TASK DESCRIPTION
Please transcribe the data exactly as shown, skipping the images.

(Beginning of SUPPLIED DATA)

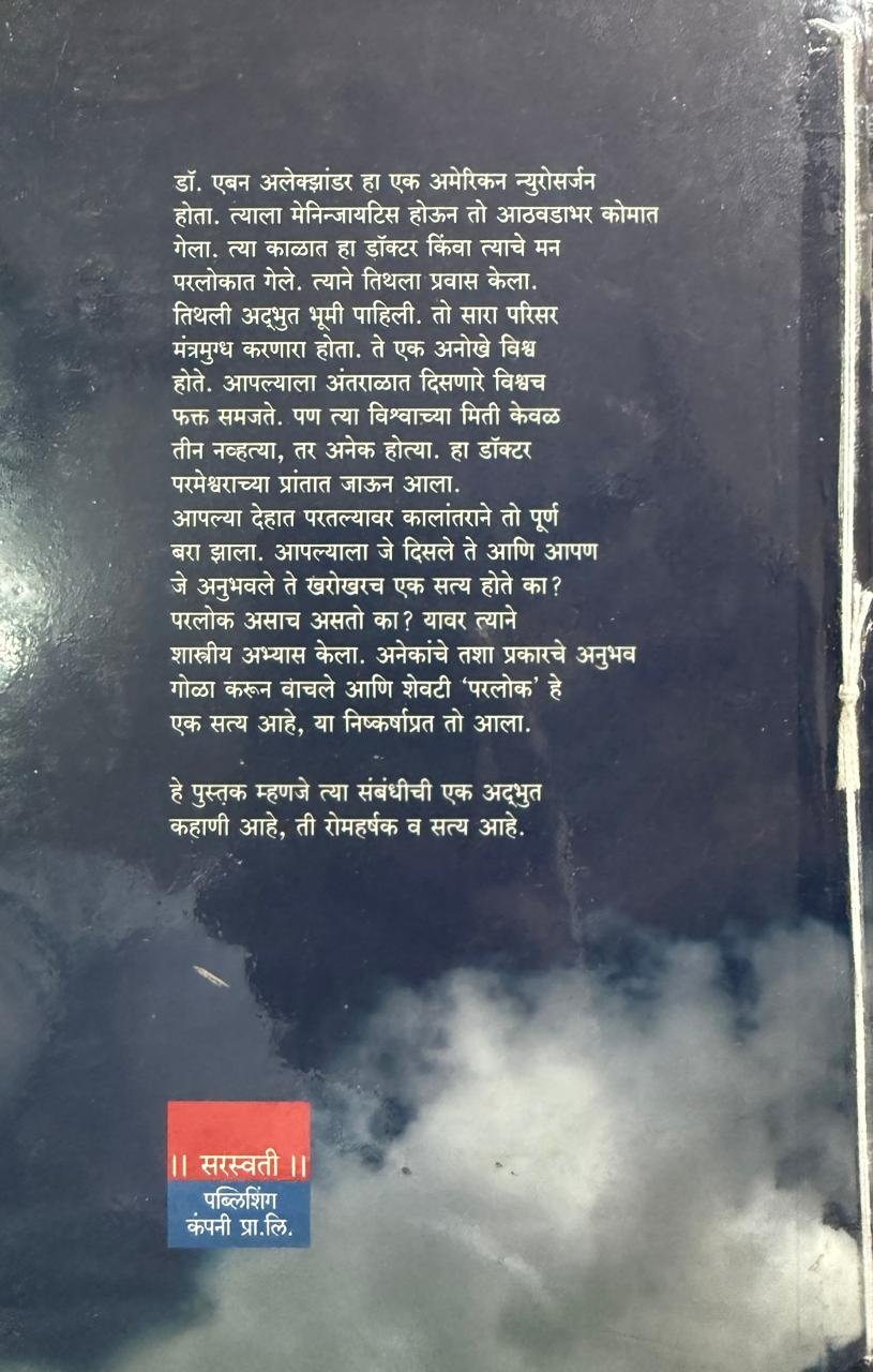 डॉक्टर एबन अलेक्झांडर हा एक अमेरिकन न्यूरोसर्जन होता. त्याला मेनिन्जायटिस होऊन तो आठवडाभर कोमात गेला. त्या काळात हा डॉक्टर किंवा त्याचे मन परलोकात गेले. त्याने तिथला प्रवास केला. तिथली अद्भुत भूमी पाहिली. तो सारा परिसर मंत्रमुग्ध करणार होता. ते एक अनोखे विश्व होते. आपल्याला अंतराळात दिसणारे विश्वच फक्त समजते. पण त्या विश्वाच्या मिती केवळ तीन नव्हत्या. तर अनेक होत्या. हा डॉक्टर परमेश्वराच्या प्रांतात जाऊन आला. आपल्या देहात परतल्यावर कालांतराने तो पूर्ण बरा झाला. आपल्याला जे दिसले ते आणि आपण जे अनुभवले ते खरोखरच एक सत्य होते का? परलोक असाच असतो का? यावर त्याने शास्त्रीय अभ्यास केला. अनेकांचे तशा प्रकारचे अनुभव गोळा करून वाचले आणि शेवटी "परलोक" हे एक सत्य आहे, या निष्कर्षाप्रत तो आला. हे पुस्तक म्हणजे त्यासंबंधीची एक अद्भुत कहाणी आहे, ती रोमहर्षक व सत्य आहे.
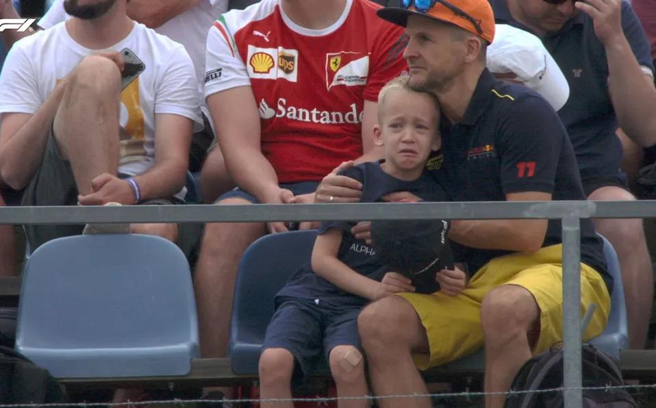 Eso sí, cabe señalar que el pequeño iba vestido con los colores de AlphaTauri, aunque no ocultó su tristeza al ver al mexicano impactado contra las barreras.
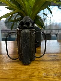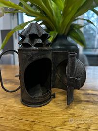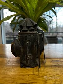 Questa è una lanterna ferroviaria d'epoca, conosciuta anche come lanterna a occhio di bue, risalente all'inizio del Novecento.
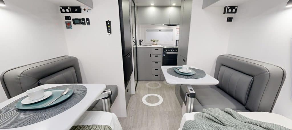 - Fully Equipped Kitchen: Prepare meals effortlessly with a gas/electric cooktop, microwave, and a spacious Thetford compressor fridge, all set within a modern design featuring soft-close drawers.
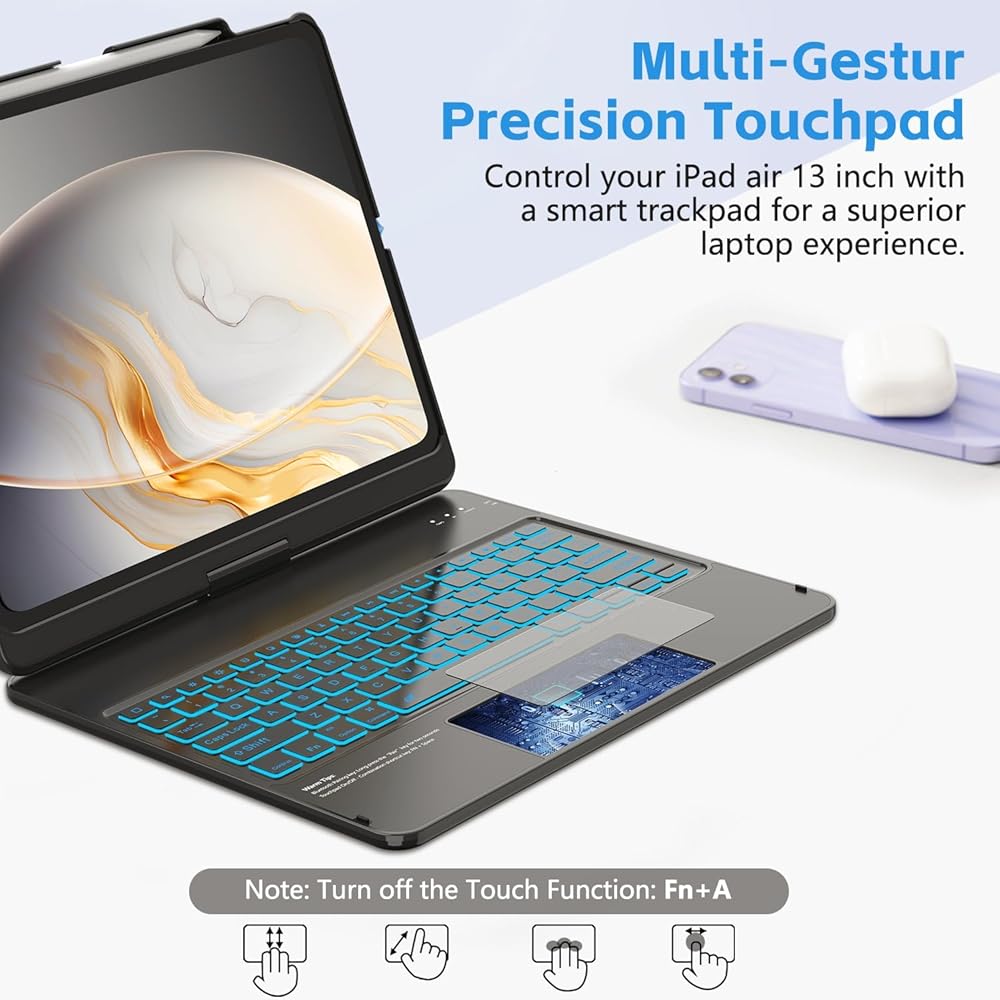 360° Rotatable Touch Keyboard Case for iPad Air 13 inch: This Touchpad for iPad air 13 inch case keyboard support 360° Rotatable. Compatible with iPad Air 13 inch M3 2025 (Model Number: A3268 A3269 A3271) and for iPad Air 13 inch M2 2024 (Model Number: A2900 A2899 A2898) and for iPad Pro 12.9 inch 6th Generation (Model Number: A2436 A2437 A2764 A2766) and for iPad Pro 12.9 inch 5th Generation (Model Number: A2378 A2379 A2461 A2462) and for iPad Pro 12.9 inch 4th 3rd Generation (Model Number: A1876 A1983 A1895 A2014 A2229 A2069 A2232 A2233); Please be kindly check your tablet back model before purchasing
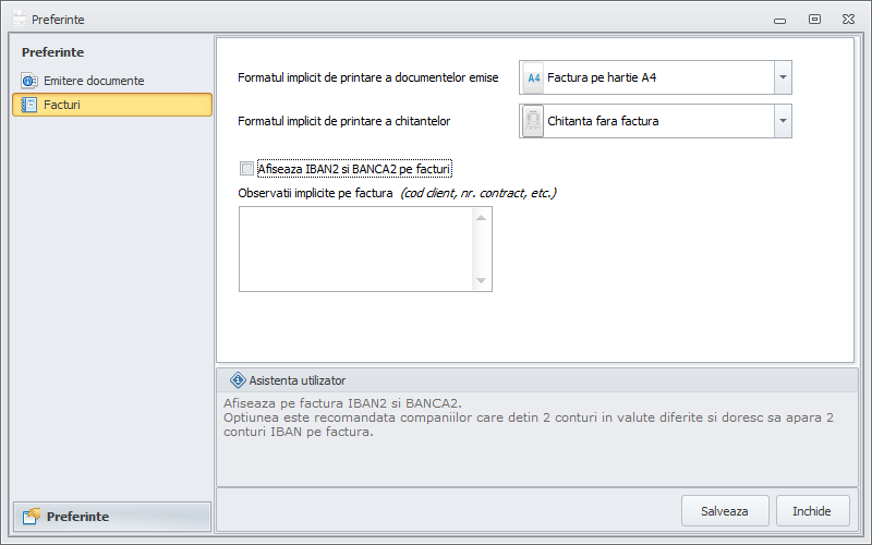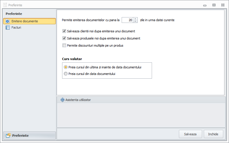 PreferinteAplicatia permite utilizatorilor sa seteze o serie de preferinte pentru atat emiterea documentelor cat si pentru afisarea documentelor.
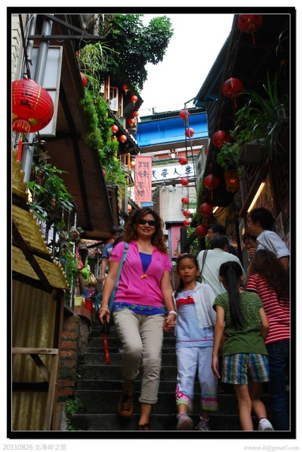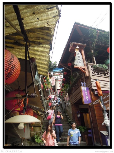 其實九份的景緻,客觀來說還蠻不錯的,不過先前雖然路經一次,卻沒有下來走走,因為看到所謂老街的人潮就怕了,那叫"老街"嗎?簡直是花園夜市!或許也可以說文化創意的力量真大,一部"悲情城市"創造出來的產值,搞不好比什麼雙D產業還有價值呢?
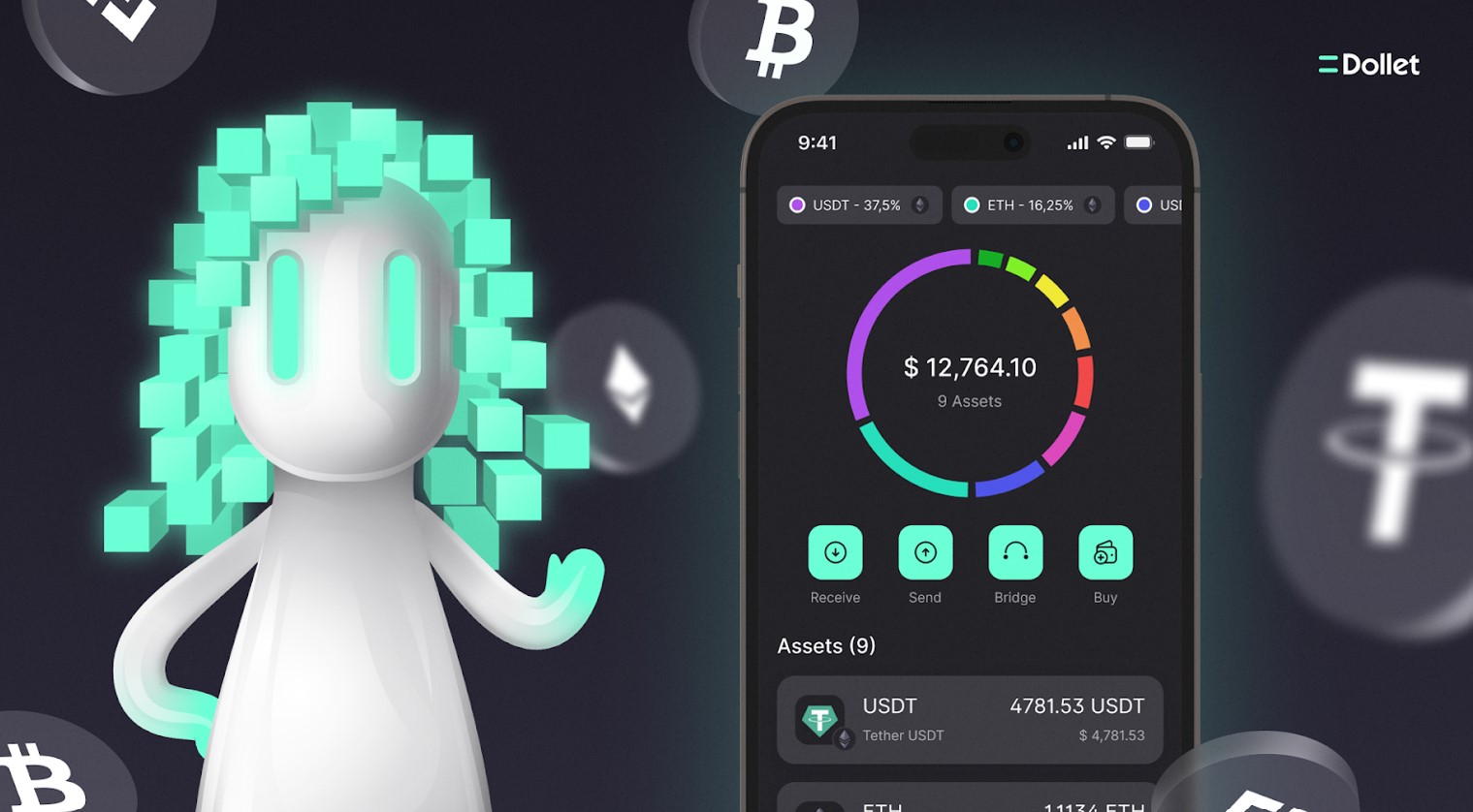 Dollet isn’t just a wallet; it’s a digital companion. With its pixelated blockchain-inspired hair, Dollet stands as the symbol of innovation and security.
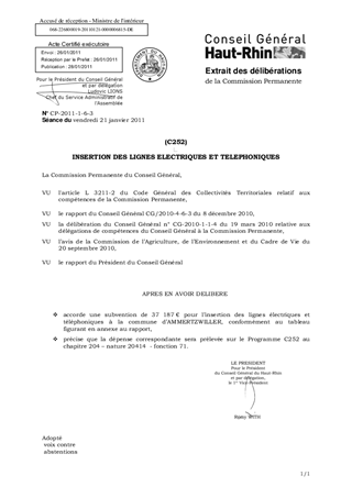 La commune d’AMMERTZWILLER a sollicité une aide financière départementale pour son projet d’insertion de lignes électriques et téléphoniques dans le secteur de l’Eglise. L’éligibilité de son dossier a été examinée lors de la réunion du 6 septembre 2010 de la commission de programmation de travaux puis validée le 20 septembre 2010 par la commission de l’Agriculture, de l’Environnement et du Cadre de vie. Conformément à la convention départementale de partenariat, signée le 20 décembre 2007 entre le Département du Haut-Rhin, EDF Distribution Alsace et France Télécom, le total de la subvention de la part du Département s’élèverait à 37.187 €, comme indiqué dans le tableau figurant en annexe.
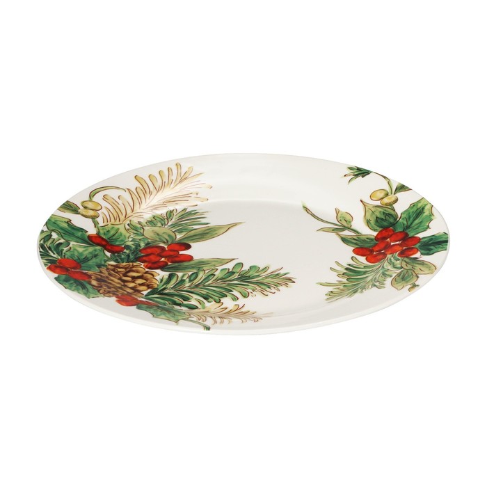 Тарелка изготовлена из прочного костяного фарфора и украшена красивым новогодним рисунком. Изделие универсально и подходит как для вторых блюд, так и для подачи салатов, закусок и пр.
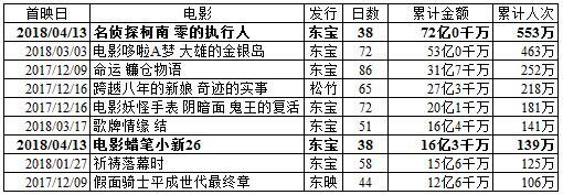 东宝发行的《名侦探柯南 零的执行人》连续6周首位,上周有件事还忘记说了,系列电影过去连续首位最长纪录是《名侦探柯南 远海的侦探》连续4周首位。周末2日间观客数约16万1千人次、对前周比80.9%,票房收入2亿1783万4300日元、对前周比78.7%。上映以来38日间累计观客数552万6858人次,累计票房收入72亿0176万3500日元,是系列电影史上初突破550人次、70亿日元。除去首映日效果目前对前作比111.4%,最终票房收入预期值维持80亿日元以上,最终观客数预期值维持600万人次以上,可以挑战620万人次。
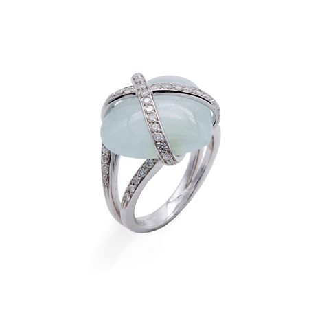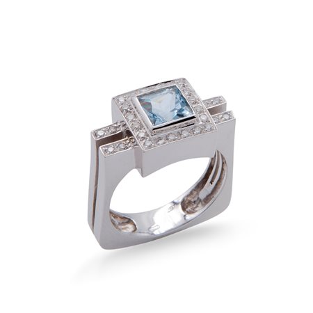 Lotto 4 Anello in oro bianco con acquamarina e brillanti
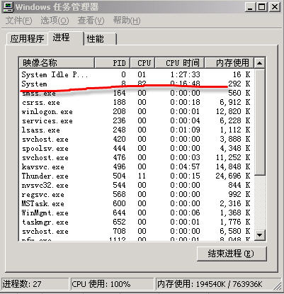 我的电脑只要一开应用程序,速度就会变得很慢,比如打开WINdvd,就会明显发现鼠标移动不流畅,查看任务管理器时,总是有一个叫system的进程,占用CPU都在90%左右,有时甚至高达99%,只要一关掉打开的这个应用程序,system进程的cpu占用马上变为零。当你打开另一个应用程序时,相同的情况发生了。这到底是怎么回事?
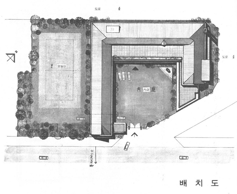 기존 대지의 상황과 최대한 일조의 효용성에 따른 복합적인 내부 기능조직을 상, 하로 구분했다. 이에 따라 2층에 근로 여성(150인)들의 공동 침실과 관 리자(수녀 10인)의 침실을, 1층에는 특별 교양교육 을 위한 다용도실의 동적인 공간을 두었다.
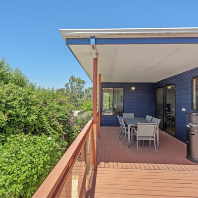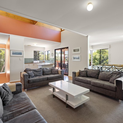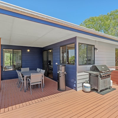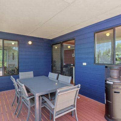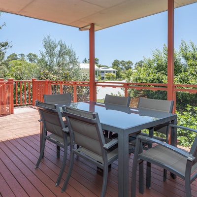 The open plan living zone incorporates spacious lounge, dining & kitchen zones with timber floors throughout. The lounge features a six seater lounge plus there are cosy bean bags if extra seating is required; flat screen television; dvd player & reverse cycle air conditioner for year round comfort. The dining suite will comfortably seat 8 guests plus there's a highchair for any littlies. The kitchen has ample work space for creating a feast & merges seamlessly with the decked alfresco area.
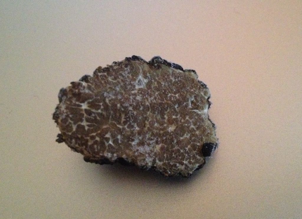 nach dem Schnittbild würde ich nun doch mit der Wintertrüffel (Tuber brumale) vergleichen.

(End of SUPPLIED DATA)

TASK SOLUTION
 डॉक्टर एबन अलेक्झांडर हा एक अमेरिकन न्यूरोसर्जन होता. त्याला मेनिन्जायटिस होऊन तो आठवडाभर कोमात गेला. त्या काळात हा डॉक्टर किंवा त्याचे मन परलोकात गेले. त्याने तिथला प्रवास केला. तिथली अद्भुत भूमी पाहिली. तो सारा परिसर मंत्रमुग्ध करणार होता. ते एक अनोखे विश्व होते. आपल्याला अंतराळात दिसणारे विश्वच फक्त समजते. पण त्या विश्वाच्या मिती केवळ तीन नव्हत्या. तर अनेक होत्या. हा डॉक्टर परमेश्वराच्या प्रांतात जाऊन आला. आपल्या देहात परतल्यावर कालांतराने तो पूर्ण बरा झाला. आपल्याला जे दिसले ते आणि आपण जे अनुभवले ते खरोखरच एक सत्य होते का? परलोक असाच असतो का? यावर त्याने शास्त्रीय अभ्यास केला. अनेकांचे तशा प्रकारचे अनुभव गोळा करून वाचले आणि शेवटी "परलोक" हे एक सत्य आहे, या निष्कर्षाप्रत तो आला. हे पुस्तक म्हणजे त्यासंबंधीची एक अद्भुत कहाणी आहे, ती रोमहर्षक व सत्य आहे.
 Eso sí, cabe señalar que el pequeño iba vestido con los colores de AlphaTauri, aunque no ocultó su tristeza al ver al mexicano impactado contra las barreras.
 Questa è una lanterna ferroviaria d'epoca, conosciuta anche come lanterna a occhio di bue, risalente all'inizio del Novecento.
 - Fully Equipped Kitchen: Prepare meals effortlessly with a gas/electric cooktop, microwave, and a spacious Thetford compressor fridge, all set within a modern design featuring soft-close drawers.
 360° Rotatable Touch Keyboard Case for iPad Air 13 inch: This Touchpad for iPad air 13 inch case keyboard support 360° Rotatable. Compatible with iPad Air 13 inch M3 2025 (Model Number: A3268 A3269 A3271) and for iPad Air 13 inch M2 2024 (Model Number: A2900 A2899 A2898) and for iPad Pro 12.9 inch 6th Generation (Model Number: A2436 A2437 A2764 A2766) and for iPad Pro 12.9 inch 5th Generation (Model Number: A2378 A2379 A2461 A2462) and for iPad Pro 12.9 inch 4th 3rd Generation (Model Number: A1876 A1983 A1895 A2014 A2229 A2069 A2232 A2233); Please be kindly check your tablet back model before purchasing
 PreferinteAplicatia permite utilizatorilor sa seteze o serie de preferinte pentru atat emiterea documentelor cat si pentru afisarea documentelor.
 其實九份的景緻,客觀來說還蠻不錯的,不過先前雖然路經一次,卻沒有下來走走,因為看到所謂老街的人潮就怕了,那叫"老街"嗎?簡直是花園夜市!或許也可以說文化創意的力量真大,一部"悲情城市"創造出來的產值,搞不好比什麼雙D產業還有價值呢?
 Dollet isn’t just a wallet; it’s a digital companion. With its pixelated blockchain-inspired hair, Dollet stands as the symbol of innovation and security.
 La commune d’AMMERTZWILLER a sollicité une aide financière départementale pour son projet d’insertion de lignes électriques et téléphoniques dans le secteur de l’Eglise. L’éligibilité de son dossier a été examinée lors de la réunion du 6 septembre 2010 de la commission de programmation de travaux puis validée le 20 septembre 2010 par la commission de l’Agriculture, de l’Environnement et du Cadre de vie. Conformément à la convention départementale de partenariat, signée le 20 décembre 2007 entre le Département du Haut-Rhin, EDF Distribution Alsace et France Télécom, le total de la subvention de la part du Département s’élèverait à 37.187 €, comme indiqué dans le tableau figurant en annexe.
 Тарелка изготовлена из прочного костяного фарфора и украшена красивым новогодним рисунком. Изделие универсально и подходит как для вторых блюд, так и для подачи салатов, закусок и пр.
 东宝发行的《名侦探柯南 零的执行人》连续6周首位,上周有件事还忘记说了,系列电影过去连续首位最长纪录是《名侦探柯南 远海的侦探》连续4周首位。周末2日间观客数约16万1千人次、对前周比80.9%,票房收入2亿1783万4300日元、对前周比78.7%。上映以来38日间累计观客数552万6858人次,累计票房收入72亿0176万3500日元,是系列电影史上初突破550人次、70亿日元。除去首映日效果目前对前作比111.4%,最终票房收入预期值维持80亿日元以上,最终观客数预期值维持600万人次以上,可以挑战620万人次。
 Lotto 4 Anello in oro bianco con acquamarina e brillanti
 我的电脑只要一开应用程序,速度就会变得很慢,比如打开WINdvd,就会明显发现鼠标移动不流畅,查看任务管理器时,总是有一个叫system的进程,占用CPU都在90%左右,有时甚至高达99%,只要一关掉打开的这个应用程序,system进程的cpu占用马上变为零。当你打开另一个应用程序时,相同的情况发生了。这到底是怎么回事?
 기존 대지의 상황과 최대한 일조의 효용성에 따른 복합적인 내부 기능조직을 상, 하로 구분했다. 이에 따라 2층에 근로 여성(150인)들의 공동 침실과 관 리자(수녀 10인)의 침실을, 1층에는 특별 교양교육 을 위한 다용도실의 동적인 공간을 두었다.
 The open plan living zone incorporates spacious lounge, dining & kitchen zones with timber floors throughout. The lounge features a six seater lounge plus there are cosy bean bags if extra seating is required; flat screen television; dvd player & reverse cycle air conditioner for year round comfort. The dining suite will comfortably seat 8 guests plus there's a highchair for any littlies. The kitchen has ample work space for creating a feast & merges seamlessly with the decked alfresco area.
 nach dem Schnittbild würde ich nun doch mit der Wintertrüffel (Tuber brumale) vergleichen.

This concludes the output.